A principal mudança é a possibilidade de inclusão de estados e municípios no novo sistema de aposentadorias, mas o texto também prevê regras diferentes para servidores da área de segurança pública. 


A aprovação da PEC foi comemorada pelo presidente do Senado, Davi Alcolumbre (DEM-AP), que agradeceu aos senadores, em especial o relator Tasso Jereissati (PSDB-CE), a presidente da CCJ (Comissão de Constituição e Justiça), senadora Simone Tebet (MDB-MS), e o líder do governo Bolsonaro, senador Fernando Bezerra Coelho (MDB-PE).

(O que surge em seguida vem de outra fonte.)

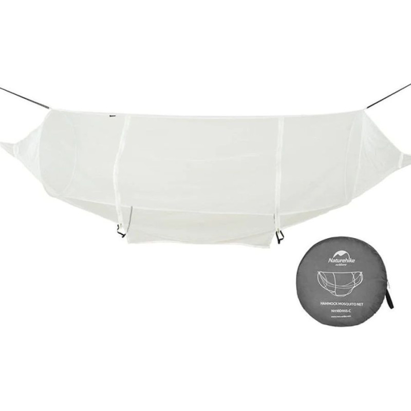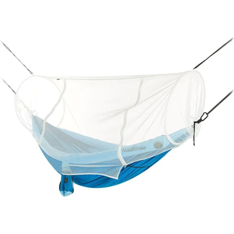 Щоб відпочинок був комфортним, а сон — максимально міцним, туристичний гамак рекомендується використовувати разом із москітною сіткою NH18D003-C від Naturehike. Цей аксесуар виготовлений із надлегкого та дихаючого синтетичного матеріалу, що захищає відпочиваючого від надокучливих комах.

"Eu tenho certeza que os senadores entregam para a Câmara dos Deputados uma resposta do Senado ao equilíbrio fiscal da União, estados e municípios", disse Davi.


Durante a sessão deliberativa, os senadores concluíram a apreciação dos destaques pendentes na votação em primeiro turno, ocorrida em 6 de novembro, e fizeram a votação em segundo turno. Apenas um destaque foi aprovado, após acordo dos senadores com o líder do governo.


Com 54 votos favoráveis e nenhum contrário, o destaque aprovado foi o apresentado pela bancada da Rede Sustentabilidade, que inclui na Nova Previdência regras de transição para o cálculo de benefícios de aposentadoria. 


A mudança deverá valer para o RGPS (Regime Geral da Previdência Social), para servidores públicos e militares.


O acordo, comunicado pelo relator da PEC 133/2019, o senador Tasso Jereissati, prevê 5 anos de transição ao invés de 10 anos como previa a emenda original destacada, apresentada pelo senador Flávio Arns (Rede-PR). A mudança foi feita com ajuste redacional do relator por meio de subemenda.


O objetivo da emenda é estabelecer um processo progressivo para atenuar as perdas provocadas pela alteração no cálculo da média salarial. 


A Nova Previdência não prevê regra de transição e estabelece que o cálculo do benefício é feito com a média aritmética simples dos salários de contribuição “atualizados monetariamente, correspondentes a 100% (cem por cento) do período contributivo desde a competência julho de 1994 ou desde o início da contribuição, se posterior àquela competência”.


O novo texto aprovado restabelece a média antiga de 80% sobre os maiores salários, que subiria para 90% em 2022 e para 100% a partir de 2025.


O acordo entre os senadores também acarretou a retirada do último destaque à PEC Paralela da Previdência, apresentado pelo PSDB. O destaque garantiria o chamado abono permanência para os servidores públicos que já tinham esse direito incorporado antes da promulgação Emenda Constitucional 103.


A retirada foi negociada entre o líder do governo e o líder do PSDB, Roberto Rocha (PSDB-MA), depois do acordo entre governo e senadores. Roberto Rocha pediu que o governo se comprometa a respeitar o objetivo de sua emenda e que os servidores tenham garantia do direito adquirido em relação ao abono. Com Agência Senado.